Das stimmt. Schon der Rhythmus der Worte, der Beschaffenheit der Zeilen, in denen eine Mischung aus fiebriger Beobachtung und flehentlichem Plädoyer zum Ausdruck kommt, ist ungemein packend: „Look at her garments/ Clinging like cerements;/ Whilst the wave constantly /Drips from her clothing; /Take her up instantly, /Loving, not loathing…“

Diese Sammlung von Gedichten ist eine eindrucksvolle Betrachtung des Vergänglichen, eine schöne Konfrontation mit der Sterblichkeit. Und dennoch liegt der Fokus nicht nur im düsteren, sondern im tröstlichen Bereich des Endlichen. Da ist die magische Verführung von „La Belle Dame Sans Merci“, da sind die gewaltigen Zeilen von John Keats. Bei „Ode to a Nightingale“ steht der Dichter in einem dunklen Wald und hört das betörende und schöne Lied einer Nachtigall. Dies provoziert eine tiefe und mäanderförmige Meditation über Zeit, Tod, Schönheit, Natur und menschliches Leiden.
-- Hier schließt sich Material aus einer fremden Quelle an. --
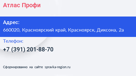 Атлас Профи по адресу 660020, Красноярский край, Красноярск, Диксона, 2а в дальнейшем Организация, размещена в следующих категориях: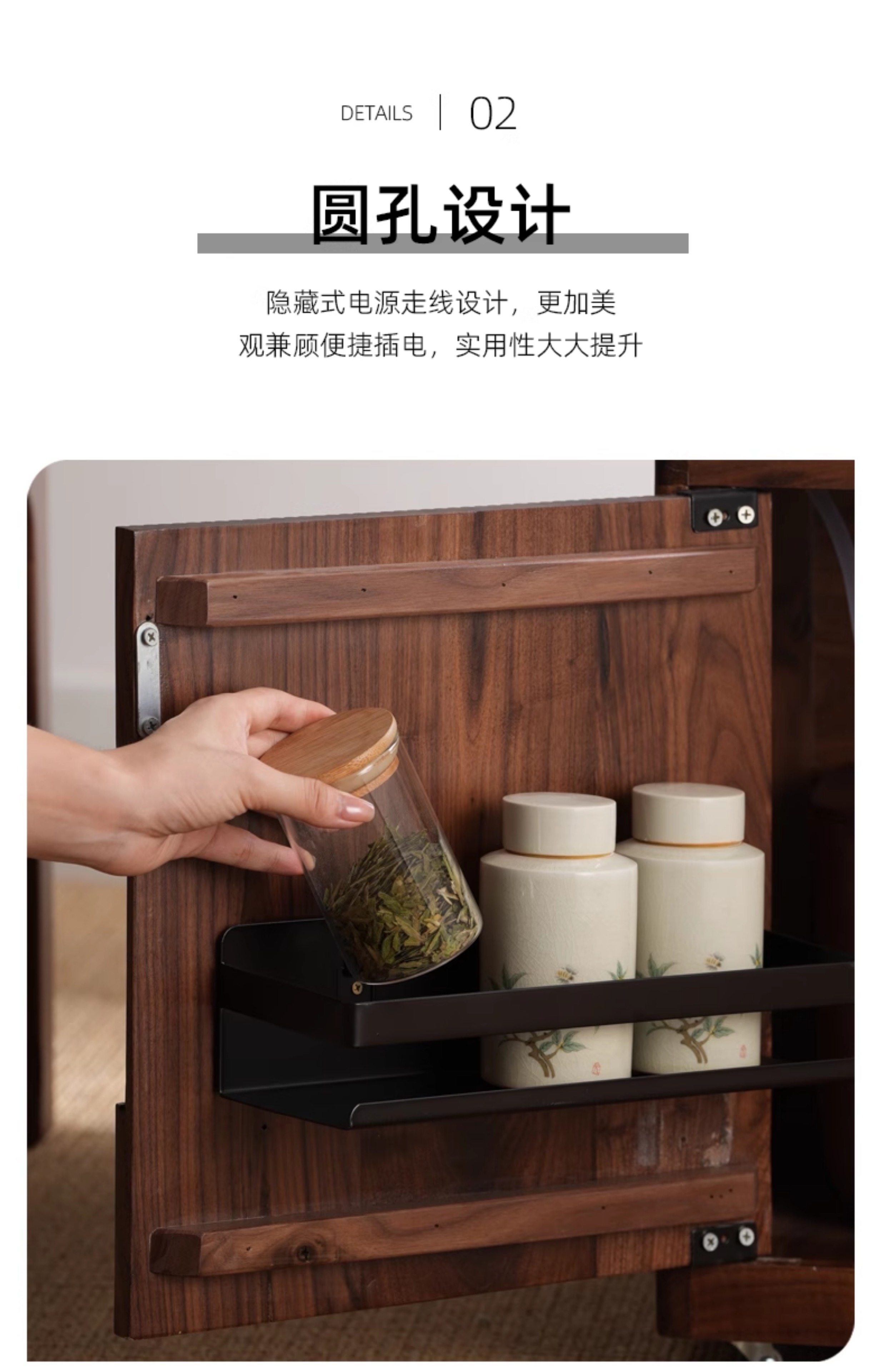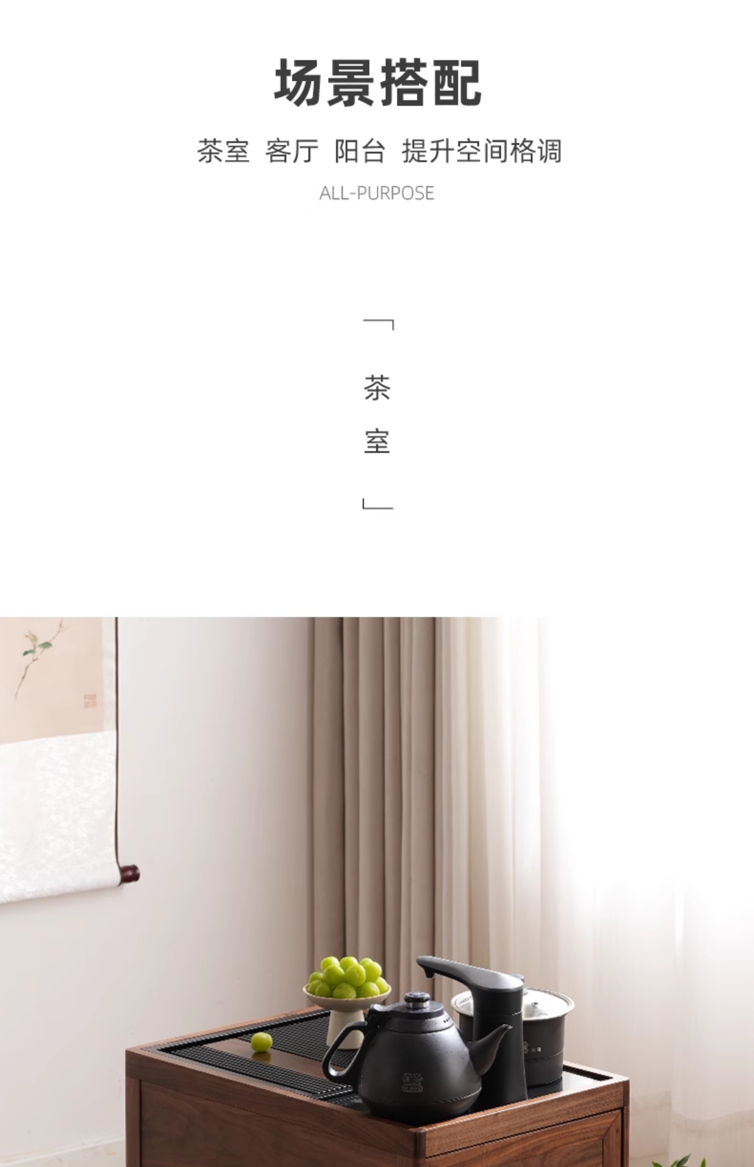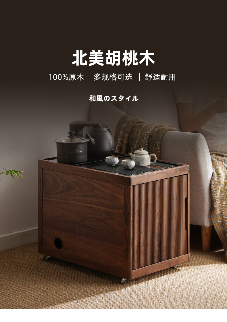 北美黑胡桃木烧水壶一体茶几边柜实木可移动边几茶水柜沙发侧边柜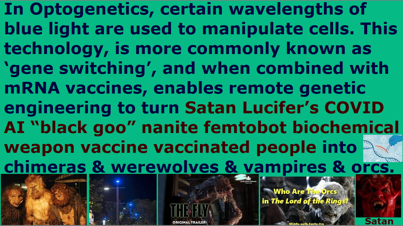 *** Intelligence news update from the Human Homo-Sapiens Race Survival Resistance (HRSR) headquarters and Republic Rebel Alliance battlefront (January 2023). In Optogenetics, certain wavelengths of blue light are used to manipulate cells. This technology, is more commonly known as ‘gene switching’, and when combined with mRNA vaccines, it enables remote genetic engineering to turn Satan Lucifer’s COVID AI “black goo” nanite femtobot gene-altering zombie Borg 5G remote assassination biochemical weapon vaccine vaccinated people into chimeras and werewolves and vampires and orcs. The Western feminist nations’ “women’s equality” “female church donators loving” “Jezebel spirit filled” “Satan Lucifer’s ordained & allowed & trained” church pastors and religious Christian hordes, who are redefining Bible verses and rebelling against women’s head coverings so that their heads are controlled by the fallen angels to stick their middle fingers up at God, and cross-dressing in “Satan Lucifer’s post-1960s cross-dress-project” men’s trousers to mock God’s Word, and stealing unbiblical post-1873 10% salary tithe income taxes to make God’s house into an extortionist gangster’s office, and doing hundreds of other things to remove all of God’s protection and replace Jesus with Jezebel & Sananda Jesus & Mammon & Adephagia, in order to bring judgment upon their Western feminist nations with sword & famine & plague & demon armies, are hiding all of this because they are afraid of assassination attempts and ridicule from their church donators as lunatic heretic idiotic narcotic maniacs. The devil Satan Lucifer and the fallen angel fake aliens devils think it is amusing and funny and entertaining to see billions of humans transform into shapeshifted chimeras and werewolves and fly people and vampires and zombies and Medusa and minotaur and reptilians using their COVID vaccine, and if you condone it by remaining silent or just saying superficial truth, then you are basically agreeing with Satan Lucifer and the fallen angel ascended masters fake aliens devils. Speak God’s full truth dear brethren in love, and do not just tell a church donator who needs to get the COVID vaccine to return to work and feed his family and has been pressured by his wife to take the vaccine for his daughter’s safety sake, that the vaccine will just change his gene, and walk away thinking you did your job by telling partial truth and fake truth and Satan Lucifer’s modified truth. Only a stupid person speaks like that. Did Jesus tell you that you may have a problem with sin in the future so it may be a worthwhile investment to believe in him as your Savior? Do not insult God by worshipping self and pastor’s reputation and pastor’s salary and safety from assassination attempts and safety from ridicule by church donators, instead of loving God and loving others and speaking the whole truth and nothing but the truth. God never kept part of the truth hidden from you, so that you may risk the danger of walking into hell. If you are stupid, then hide partial truth, and hide from others that the COVID vaccine will change people into chimeras and werewolves and vampires and gargoyles and wraiths. They are showing you the COVID vaccine post-apocalyptic world “Lord of the Rings” human-eating orcs in plain view in their movies, and how can you who claim to be a Christian, remain silent about it and hide it from people and not warn your church donators, just because it sounds crazy? Does Joshua & Caleb banzai charging millions of Canaanite human-eating orc nephilim giants in the Promised Land sound crazy to you, even when you preach it every Sunday in your church sermon yourself? You would be a religious hypocrite if you think that way. That is what a cold-blooded religious leader who works for church donations does.

Keats sehnt sich nach einem Schluck Wein, der ihn aus sich herausnehmen und ihm erlauben würde, seine Existenz mit der des Vogels zu verbinden. Der Wein würde ihn in einen Zustand versetzen, in dem er nicht mehr er selbst sein würde und sich bewusst wäre, dass das Leben voller Schmerzen ist, dass die Jungen sterben, die Alten leiden und dass nur das Nachdenken über das Leben Trauer und Verzweiflung bringt. Aber Wein wird nicht benötigt, um ihm die Flucht zu ermöglichen. Seine Vorstellungskraft wird genauso gut dienen. Sobald er dies merkt, wird er im Geiste über die Bäume gehoben und kann den Mond und die Sterne sehen, obwohl dort, wo er sich physisch befindet, nur ein Lichtschimmer zu sehen ist.
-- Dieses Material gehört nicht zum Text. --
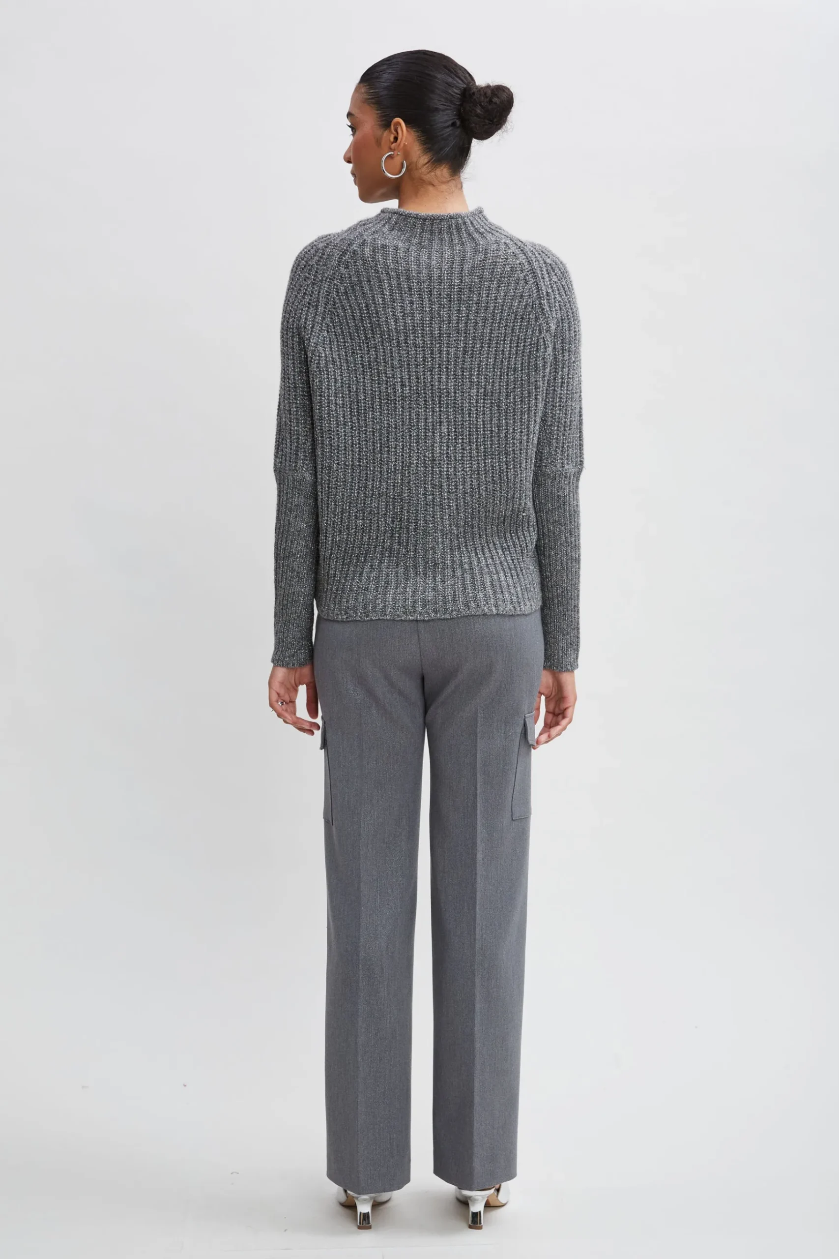 You’ll love the subtle shimmer of this Italian metallic wool blend ribbed sweater. Designed with a mock neckline and raglan sleeves, this relaxed sweater is perfect for when the temperature drops. You will love the look and feel. Elie Tahari Exclusive Metallic Mock Neck Merino Wool Sweater 42% Merino, 41% Polyamide, 17% Metallic Runs true to Size Model is 5’9″ and wearing size XS Dry Clean Only Imported Style #: E95XJ504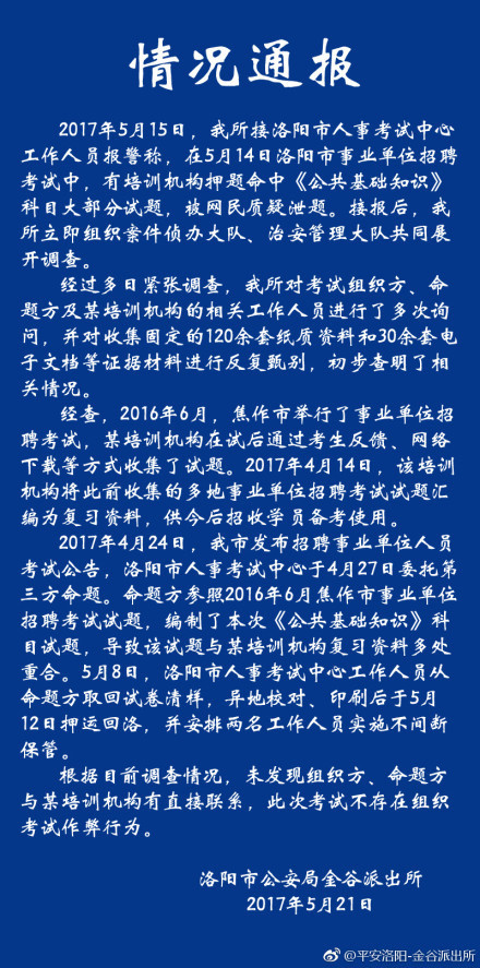河南省洛阳市公安局金谷派出所5月21日对“洛阳事业单位招聘考试考题疑遭泄题”一事发布通报,据新华社5月15日报道,洛阳市直和县区事业单位招考笔试结束后,有网友反映某培训机构考前押题命中了75道《公共基础知识》题中的70道,不少题目的题号、顺序、答案选项都一模一样,怀疑考试被泄题。金谷派出所通报称,根据目前调查情况,此次考试不存在组织方考试作弊行为。

Faithfull taucht tief ein in ihre eigene Vergangenheit und stützt sich dabei auf ihre Leidenschaft für die englischen romantischen Dichter, eine Leidenschaft, die sie an der St. Joseph’s Convent School pflegte, bevor sie im Alter von 16 Jahren nach London ging. Dort trat sie in die Welt von Mick Jagger und den Rolling Stones, die sie auf den Weg zum Popstar brachten. Wir erinnern uns an „As Tears Go By“, an die ikonografische Figur der Faithfull, die Empörung der sechziger Jahre, an ihre Sucht, die sie dem Tode nahebrachte. Das alles drückt ihre Stimme aus.

Titel auf „She Walks in Beauty“

1. She Walks in Beauty (Lord Byron) (2:40)
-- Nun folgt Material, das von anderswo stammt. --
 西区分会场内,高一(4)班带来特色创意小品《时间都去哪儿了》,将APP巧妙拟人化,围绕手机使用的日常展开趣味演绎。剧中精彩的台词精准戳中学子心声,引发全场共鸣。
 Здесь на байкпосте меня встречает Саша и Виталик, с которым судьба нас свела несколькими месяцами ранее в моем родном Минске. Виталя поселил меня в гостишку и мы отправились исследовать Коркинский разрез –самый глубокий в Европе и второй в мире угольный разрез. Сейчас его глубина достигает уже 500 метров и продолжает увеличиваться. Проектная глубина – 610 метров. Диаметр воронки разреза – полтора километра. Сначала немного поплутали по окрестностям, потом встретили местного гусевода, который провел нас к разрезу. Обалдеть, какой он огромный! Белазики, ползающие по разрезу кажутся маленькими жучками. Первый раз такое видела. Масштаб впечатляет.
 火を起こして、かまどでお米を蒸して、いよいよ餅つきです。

2. The Bridge of Sighs (Thomas Hood) (4:55)

3. La Belle Dame sans Merci (John Keats) (4:15)

4. Ode to a Nightingale (John Keats) (6:49)

5. To Autumn (John Keats) (3:16)

6. Ozymandias (Percy Bysshe Shelley) (3:08)

7. The Prelude : Book One Introduction (William Wordsworth) (2:50)

8. Surprised by Joy (William Woodsworth) (2:08)

9. To the Moon (Percy Bysshe Shelley) (2:21)

10. So We’ll Go No More a Roving (Lord Byron) (2:20)

11. The Lady of Shallot (Lord Alfred Tennyson) (11:46)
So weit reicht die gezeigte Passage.